Kylon shook his head. These games, these wheels within wheels and machinations within machinations, they were not his strength. Perhaps if they had been, perhaps if he had been better at it, maybe he would have seen Cassander’s and Rolukhan’s trap coming. Perhaps he could have saved Thalastre and their unborn child from the Red Huntress’s blade. 

But that was in the past. If he could avenge Thalastre and stop the deaths of countless thousands in her name, then he would follow Caina’s lead. 

“I will do what I must,” said Kylon.

“Capital,” said Nasser. Kylon was not a good politician, but he suspected that Nasser had been. “This, then, is what I propose. We shall leave Istarinmul in two days…”

 

###

 

Night fell by the time Caina left the sculpture works and made her way through the streets of the Old Quarter to her safe house. 

She had changed her disguise, removing the turban and the beard and throwing back the robe to make a cloak, revealing the leather armor and ragged boots and trousers she wore beneath it.
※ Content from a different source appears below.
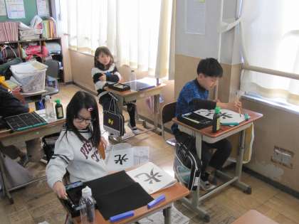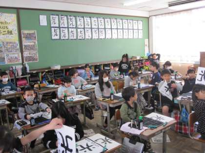 文字のバランスを整えて,はらい,はねを意識して書きました。筆もしっかり立てて,よい姿勢で頑張りました。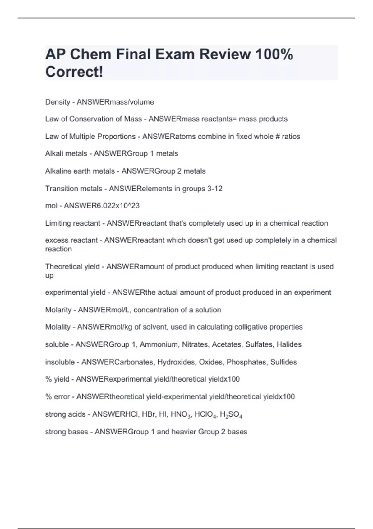 Density - ANSWERmass/volume Law of Conservation of Mass - ANSWERmass reactants= mass products Law of Multiple Proportions - ANSWERatoms combine in fixed whole # ratios Alkali metals - ANSWERGroup 1 metals Alkaline earth metals - ANSWERGroup 2 metals Transition metals - ANSWERelements in groups 3-12 mol - ANSWER6.022x10^23 Limiting reactant - ANSWERreactant that's completely used up in a chemical reaction excess reactant - ANSWERreactant which doesn't get used up completely in a chemical reaction Theoretical yield - ANSWERamount of product produced when limiting reactant is used up experimental yield - ANSWERthe actual amount of product produced in an experiment Molarity - ANSWERmol/L, concentration of a solution Molality - ANSWERmol/kg of solvent, used in calculating colligative properties soluble - ANSWERGroup 1, Ammonium, Nitrates, Acetates, Sulfates, Halides insoluble - ANSWERCarbonates, Hydroxides, Oxides, Phosphates, Sulfides % yield - ANSWERexperimental yield/theoretical yieldx100 % error - ANSWERtheoretical yield-experimental yield/theoretical yieldx100 strong acids - ANSWERHCl, HBr, HI, HNO₃, HClO₄, H₂SO₄

It was a simple trick, but a useful one. Now instead of a merchant, she looked like a caravan guard who had stolen a fine cloak. A disguise was the thinnest of shields, but it had kept Callatas and the Teskilati and the Brotherhood of Slavers from finding Caina for nearly two years. 

Nevertheless, she felt much safer with Kylon walking next to her. 

“There might be another way,” Kylon said, his voice quiet.

“Oh?” said Caina. “Another way to do what?”